Prioritise investment in the PBS to improve access to all cancer medicines
Medicines Australia response to the Senate Select Committee report “Funding for Research into Cancers with Low Survival Rates”
The 25 recommendations released in the Senate Select Committee report reveal the challenges Australia faces to ensure that all Australians get access to the treatments and medicines they need when they need them, regardless of the type of disease.
The report recommendations are a comprehensive response to the issue and cover research funding and coordination; clinical trial awareness, access and approvals for treatment; improving early detection and identification; repurposing existing medicines; fast-tracking innovative treatments and the utilisation of genomic research; patient care; costs; and navigation through the disease processes.
Medicines Australia particularly supports the Senate Committee’s recommendations that call for a more flexible approach for the listing of breakthrough medicines on the Pharmaceutical Benefits Scheme (PBS).
When handing down the report Committee member Senator Stirling Griff said, “there’s also a need to rethink the one-size-fits-all approach to cancer treatment and to eliminate the regulatory hurdles that prevent patients accessing the most appropriate therapy for their particular tumours”.
Medicines Australia Chief Executive Million Catelin says the industry strongly supports this view but Australia must also consider how it will continue to afford breakthrough treatments without considering the future funding of the PBS.
“The treatments for diseases such as cancer are becoming more targeted, more effective but ultimately more expensive to develop, so the easier you make it to list breakthrough medicines on the PBS, the faster these treatments get to the Australians who need them,” said Mr Catelin.
“However, you need to ensure enough money is invested in the PBS going forward to pay for these treatments.”
“Australia already pays some of the lowest prices in the world for innovative medicines and the industry will continue to offer taxpayers incredible value for money, but the PBS has seen no growth in expenditure for almost a decade and that will become increasingly unsustainable in the future.”

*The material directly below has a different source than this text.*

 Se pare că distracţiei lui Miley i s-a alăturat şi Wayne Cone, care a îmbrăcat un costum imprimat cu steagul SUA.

“The challenge at all times for industry is to offer value for money for the PBS and for taxpayers; the challenge for governments is ensuring that the PBS is fully funded so that Australians get access to the medicines they need when they need them.”
“We understand the challenge this presents for governments now and in the future, but at some stage we all have to concede that more money is needed and the access to these sometimes life-saving treatments is worth it.”

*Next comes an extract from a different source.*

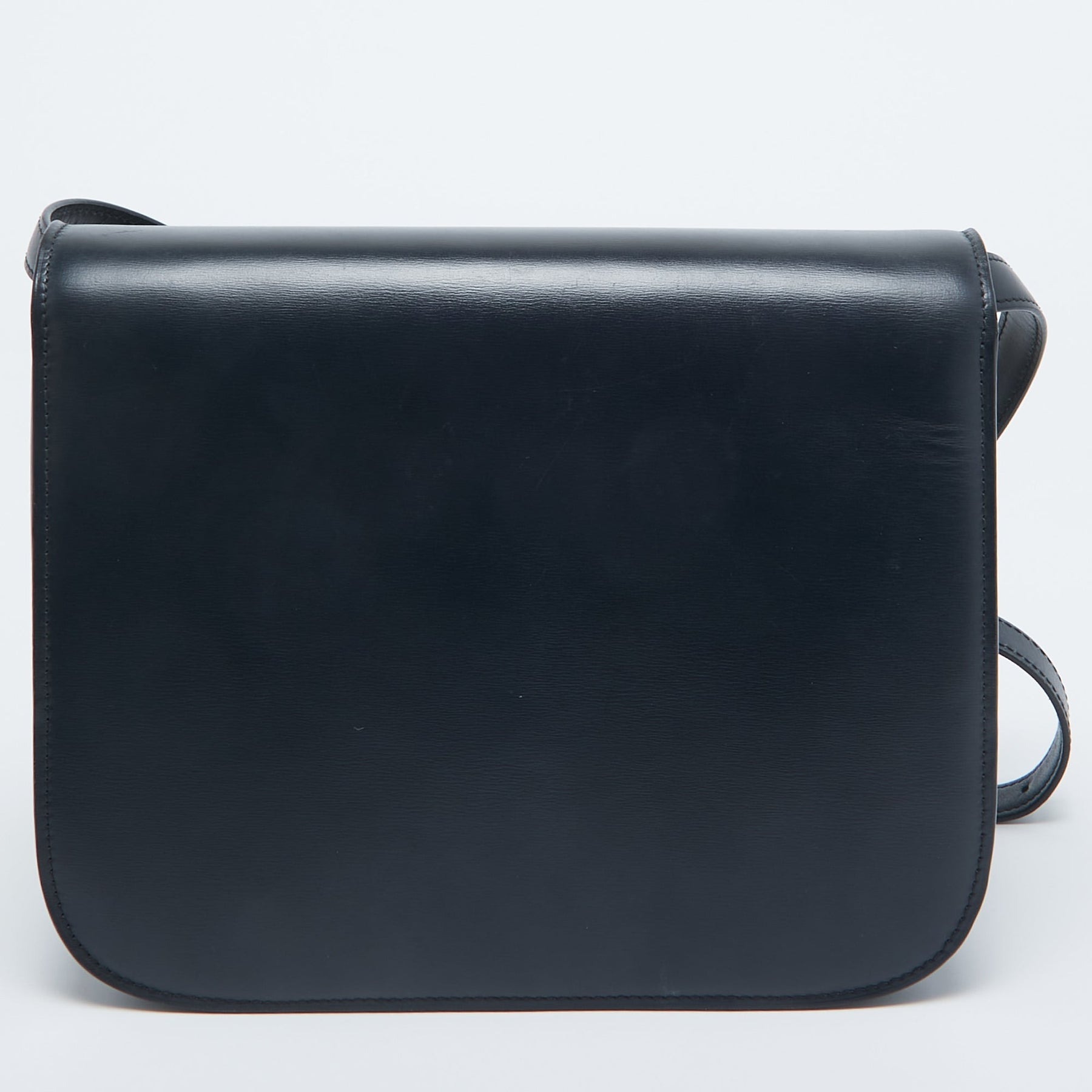 CELINE Navy Blue Leather Medium Classic Box Shoulder Bag

Medicines Australia also strongly supports the Senate Committee’s recommendations to harmonise, streamline and better fund the clinical trials environment in Australia.
“The innovative pharmaceutical industry invests in about 1000 clinical trials per year within Australia at a cost of about $270 million,” said Mr Catelin.

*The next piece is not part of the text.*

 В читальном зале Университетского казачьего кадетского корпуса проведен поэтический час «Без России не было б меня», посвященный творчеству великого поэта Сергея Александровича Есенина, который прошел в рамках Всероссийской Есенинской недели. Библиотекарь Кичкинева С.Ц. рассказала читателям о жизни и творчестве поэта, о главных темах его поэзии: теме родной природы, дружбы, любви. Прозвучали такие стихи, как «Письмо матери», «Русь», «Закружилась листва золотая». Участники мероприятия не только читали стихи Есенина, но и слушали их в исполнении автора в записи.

“We need to have a clinical trials sector that continues to attract investment from industry and the committee’s recommendations to make the listing of some medicines on the PBS more flexible will help to encourage this investment.”
“Medicines Australia would like to send our personal thank you to all Committee member Senators, in particular the Chair Senator Catryna Bilyk, who has been tireless in her work to raise awareness of the issue, and a passionate advocate for improved access to cancer medicines,” said Mr Catlin.